Solution overview diagram

This post references an example of a user using a local PyIceberg client to perform some basic data transformations, such as table creation, data ingestion, updates, and time travel. This workflow showcases a common development pattern where developers use local environments to prototype and iterate on data transformation pipelines before deploying them at scale.

We begin by creating a table bucket to store Iceberg tables. Then, we configure the PyIceberg client to interact with the Iceberg table through the AWS Glue Iceberg REST endpoint.

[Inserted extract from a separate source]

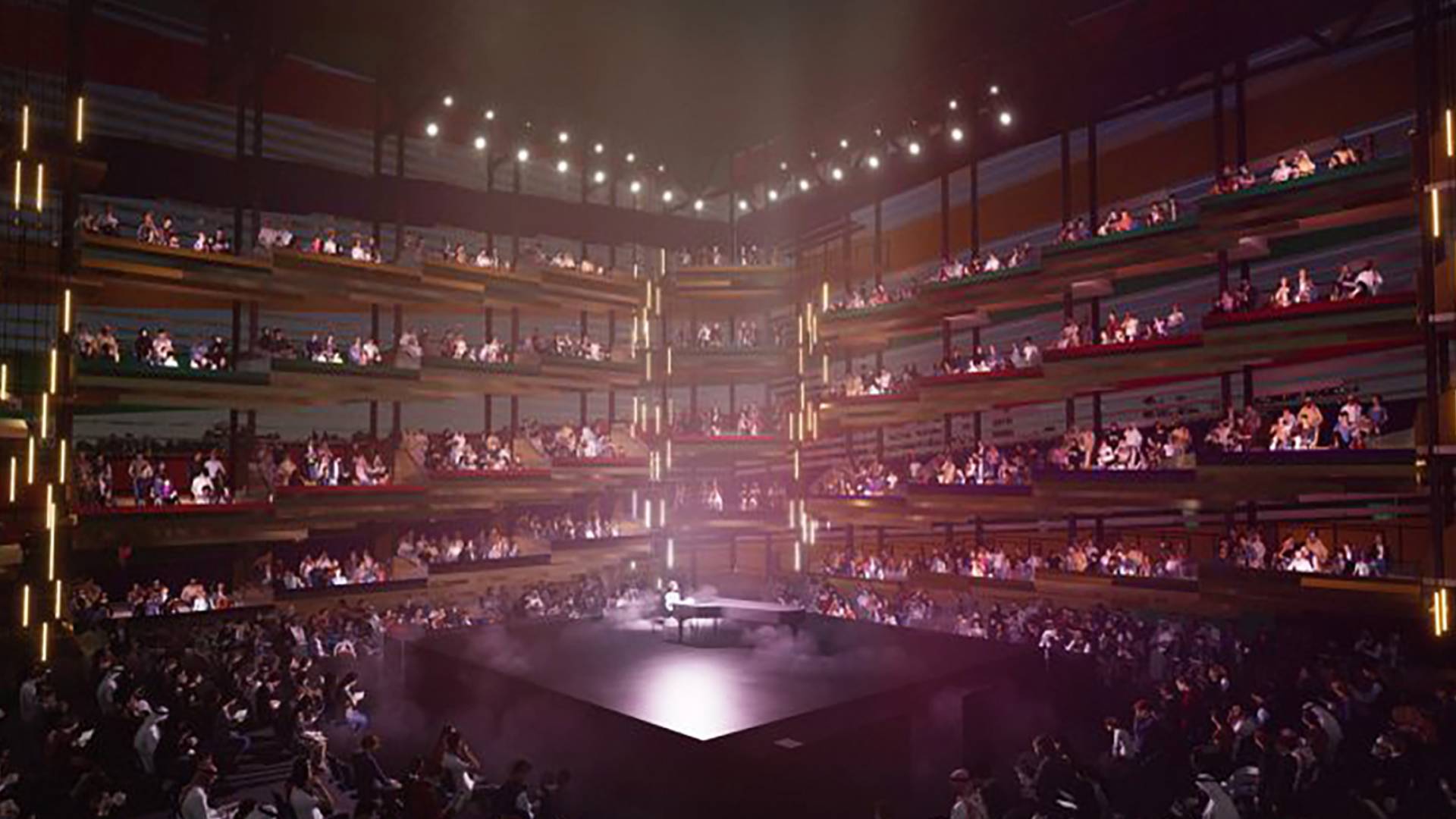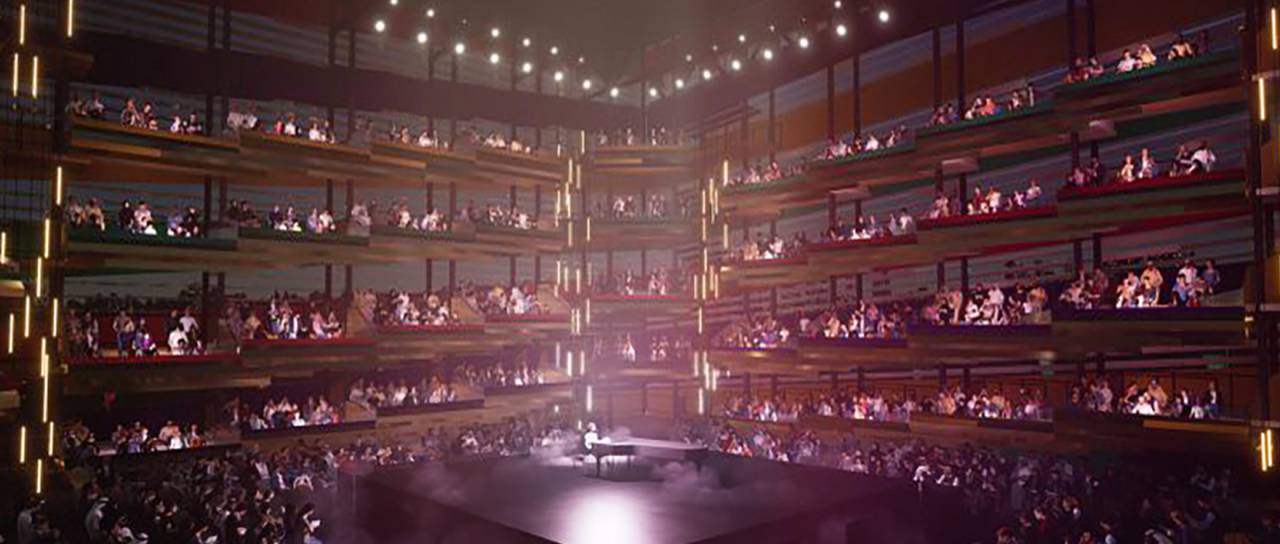 Konstrukcija sprejme med 1200 in 2400 obiskovalcev v ločenih balkončkih, ki vsak sprejme med 4 do 12 ljudi v istem mehurčku. Zračniki na vseh straneh omogočajo naravno prezračevanje, lože in balkoni pa so med sabo ločeni s prosojnim steklom. Oder je na sredi in vsi obiskovalci imajo neposreden pogled na nastopajoče.
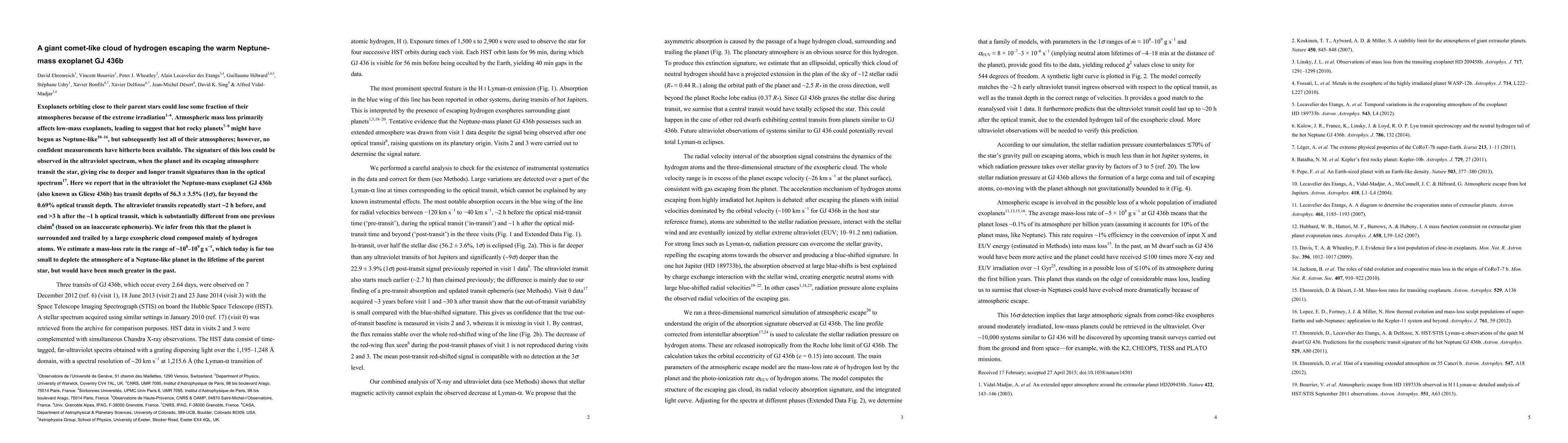 This paper reports the detection of a giant hydrogen cloud escaping the atmosphere of the Neptune-mass exoplanet GJ 436b, evidenced by significantly deeper and longer ultraviolet transits compared to optical transits. The findings suggest a historical higher mass-loss rate, indicating the planet may have originally been Neptune-like but lost its atmosphere over time due to stellar irradiation.

All permissions are centrally managed using Lake Formation.

Prerequisites

To follow along, you need the following setup:

1. You need access to an AWS Identity and Access Management (IAM) role that is a Lake Formation data lake administrator in the Data Catalog account. For instructions, go to Create a data lake administrator.

2. Verify that you have Python version 3.7 or later installed. Check if pip3 version is 22.2.2 or higher is installed.

3. Install or update to the latest AWS Command Line Interface (AWS CLI). For instructions, see Installing or updating the latest version of the AWS CLI. Run the AWS configure command using the AWS CLI to point to your AWS account.

Walkthrough

The following steps walk you through this solution.

Step 1: Create a table bucket and enable Glue Data Catalog integration for S3 Tables:

1.1. Log in to the Amazon S3 console using Admin role and choose Table Buckets from the navigation panel, as shown in the following figure.

Table buckets

1.2. Choose Enable integration. When the integration is successfully integrated, you should see it enabled for your table buckets, as shown in the following figure.

Integration with AWS analytics services

1.3. From the left pane of Amazon S3, choose Table buckets. Choose Create table bucket.

1.4. Under Properties, enter the Table bucket name as pyiceberg-blog-bucket and choose Create table bucket.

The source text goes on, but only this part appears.